From the perspective of a country’s total export volume (Figure 5a), the country with the largest TVWE is Kazakhstan, with an average annual TVWE of 12.3 billion m³; followed by Uzbekistan, with an average annual TVWE volume of 6.8 billion m³; followed by Turkmenistan, Kyrgyzstan, and Tajikistan. The main reason for the difference between these countries is that Kazakhstan and Uzbekistan are both large agricultural countries with large crop cultivation areas. Kyrgyzstan and Tajikistan are both upstream countries with small land areas and complex terrain, the qualities of which are not suitable for the large-scale cultivation of crops.

In addition, the TVWE in Kazakhstan increased year by year, and the TVWE in Uzbekistan decreased year by year. Since Kazakhstan’s cultivated land area increased significantly, but its population did not greatly increase (Figure 1), its TVWE had an increasing trend (Tan et al., 2018). The decrease in TVWE for Uzbekistan was due to a rapid population growth of about 47%. In addition, Uzbekistan is committed to giving priority to improving the living standards of its people (Zhu, 2012).

From the perspective of export types (Figure 5b), the largest TVWE is for cereals and feeds, and is increasing. The average annual TVWE of cereals and feeds reaches 17.9 billion m³; followed by that of non-edible agricultural raw materials, mainly cotton lint and cotton linter at 9.5 billion m³. However, from 1992 to 2006, the TVWE of non-edible agricultural raw materials was the greatest, followed by that of grain, mainly because Central Asian countries predominantly planted cotton. During the study period, the Central Asian countries have adjusted the proportion of wheat and cotton planting, reducing the cultivation of cotton and increasing the planting area of wheat, potatoes, and fruits and vegetables, which is conducive to soil improvement and self-recovery. Therefore, the TVWE of cereals and feeds continued to grow, while the TVWE of non-edible agricultural raw materials declined. In addition, the crops exported in large quantities were rough processed crops, such as wheats, tomatoes, wool, and unmanufactured tobacco. Therefore, the production and processing technologies in Central Asia need to be improved. Only after improvement can Central Asia, which is short of water resources, realize sustainable development.
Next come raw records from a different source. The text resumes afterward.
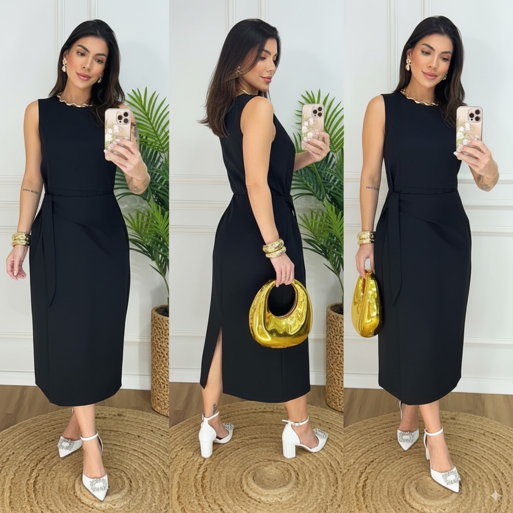 Vestido Midí Feminino Elegante de Alfaiataria com laço fenda na parte de trás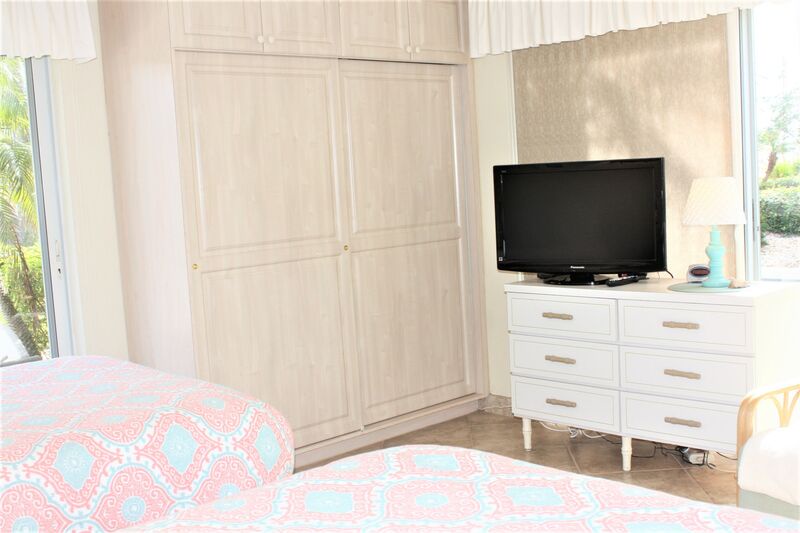 The primary bedroom offers a serene retreat with two full beds and easy access to the full bathroom. In the living room, a queen-size sleeper sofa provides additional sleeping arrangements for extra guests. You'll also appreciate the in-unit washer and dryer, ensuring that your beach towels and swimsuits are always fresh and clean.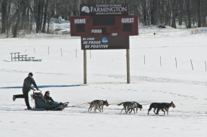 Over at Prescott Field, the faces of Logan Dolbier, 10, of Farmington and Keegan Austin, 11, of Rangeley lit up with big grins when dog sled musher Jacob Turner of Jay and a team of six dogs took off unexpectedly.

The virtual water volume of agriculture in Central Asia is currently in an overall trade surplus (Figure 6), and the average annual TVWNE is about 9 billion m³. Among the five Central Asian countries, the virtual water trade of agricultural products in Kazakhstan was in a net export state, with an average annual TVWNE of 8.1 billion m³ during the study period. Therefore, Kazakhstan has greatly increased the average annual TVWNE of Central Asia, which has exacerbated the shortage of water resources of Central Asia to a large extent. In recent years, the TVWNEs of all the countries, except Kazakhstan, have decreased year by year, maintaining a net import status. However, this still cannot make up for the loss of water resources caused by Kazakhstan’s excessive exports.

Therefore, against the background of shrinking Aral Sea lake and rising food consumption, Central Asia is still a region with a net export of water resources; this affects the sustainable development of the region, exacerbating its attendant ecological crisis (Zhai et al., 2018).
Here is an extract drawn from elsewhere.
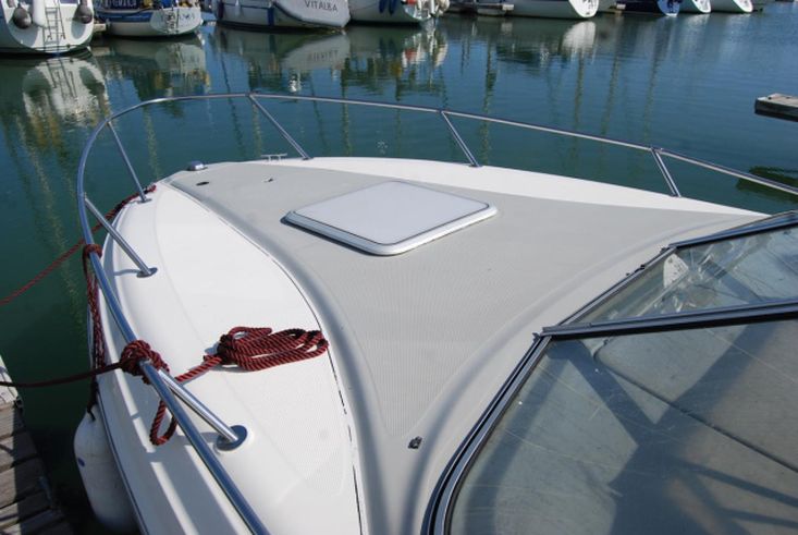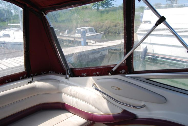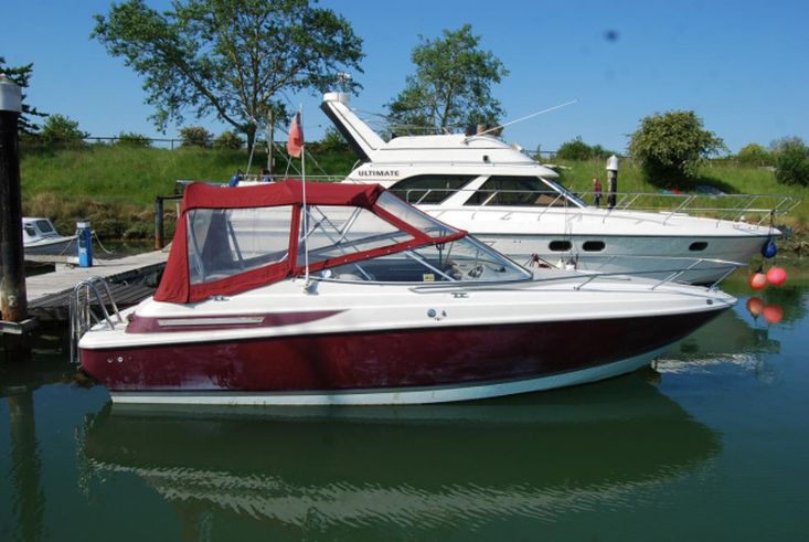 Built in 1997. GRP construction with burgundy & white topsides, aft cockpit, bathing platform, planing hull, 2 berths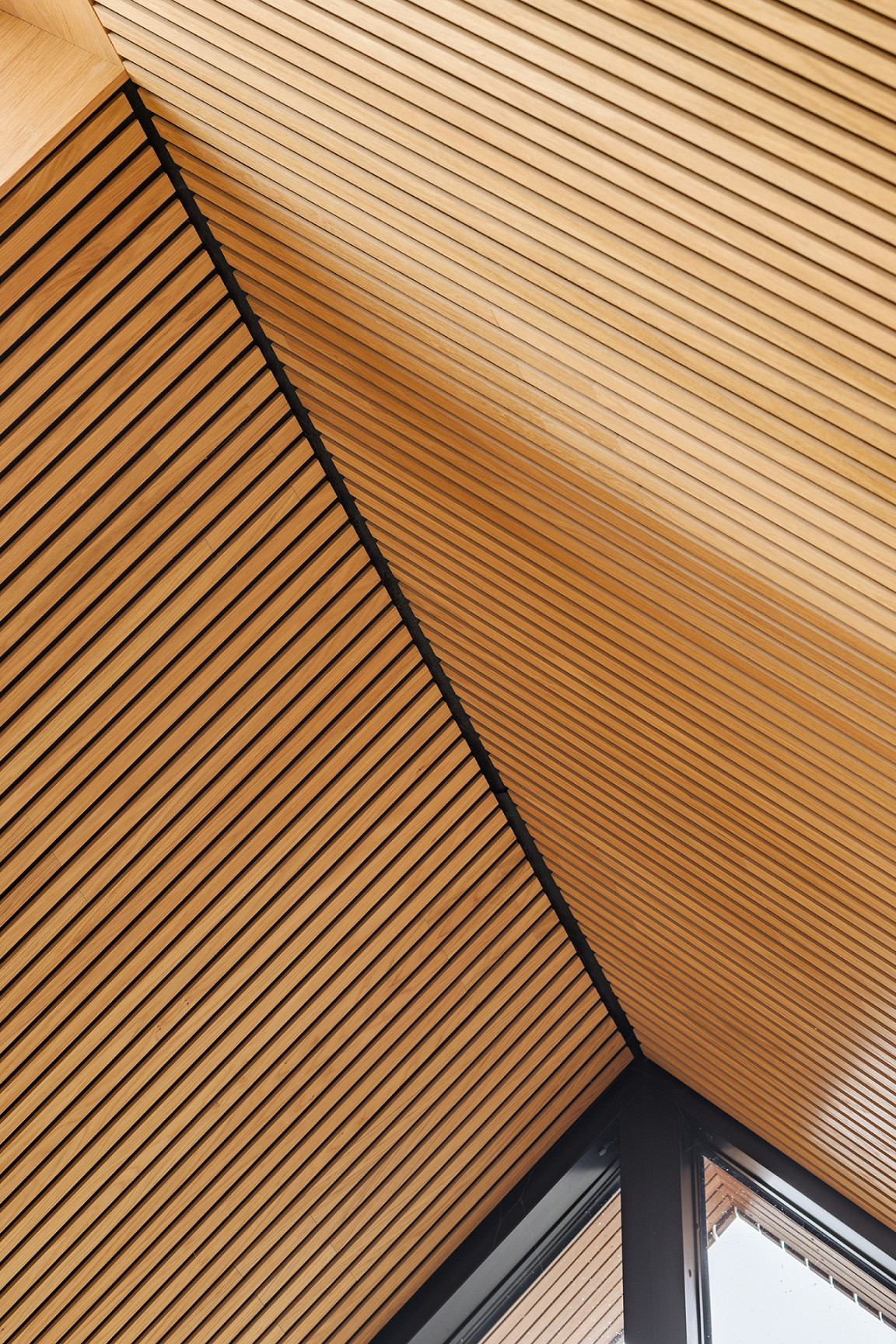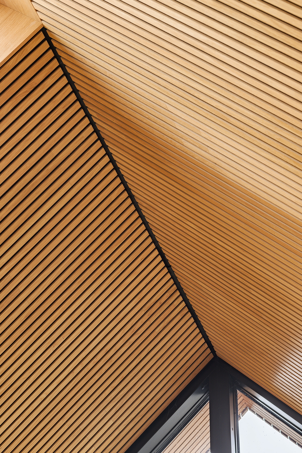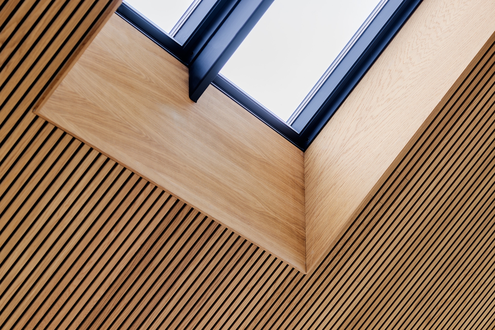 Sussi and Jens have created a completely new atmosphere and sense of space with their new ceiling panels. In a large living room with a high ceiling, the ceiling panels from I-Wood Denmark® especially help to give the room perfect acoustics and at the same time create a beautiful, natural and stylish look.

This paper calculates and analyzes changes in Central Asia’s agricultural TVWP, TVWI, and TVWE from the perspective of virtual water. The conclusions are as follows:

(1) After the disintegration of the Soviet Union, some countries were independent, which resulted in a rapid decline in agricultural TVWP in Central Asia from 1992 to 1998. With an increasing population and improvement in economic conditions, the TVWP of agriculture increased gradually after 1998. Among the five Central Asian countries, Uzbekistan and Kazakhstan consumed the largest amount of virtual water for agriculture. In addition, the categories with the most obvious increase in TVWP in Central Asia were cereals, fruits, vegetables and nuts, oils, and livestock products, which reflects the improving quality of life in Central Asia.

(2) From 1992 to 2016, the TVWI volume of agriculture in Central Asia exceeded the TVWE for only three years. In addition, the total TVWE of rice in the 25 years reached 850,000 tons, totaling 1.4 billion m³ of virtual water. This will definitely aggravate the water shortage in Central Asia. However, in recent years, the TVWE volume of agriculture has gradually decreased.

(3) In terms of export trade, the five Central Asian countries must strengthen their cooperation, achieve regional integrated development, and build a risk-prevention mechanism of trade to avoid food crises and water crises.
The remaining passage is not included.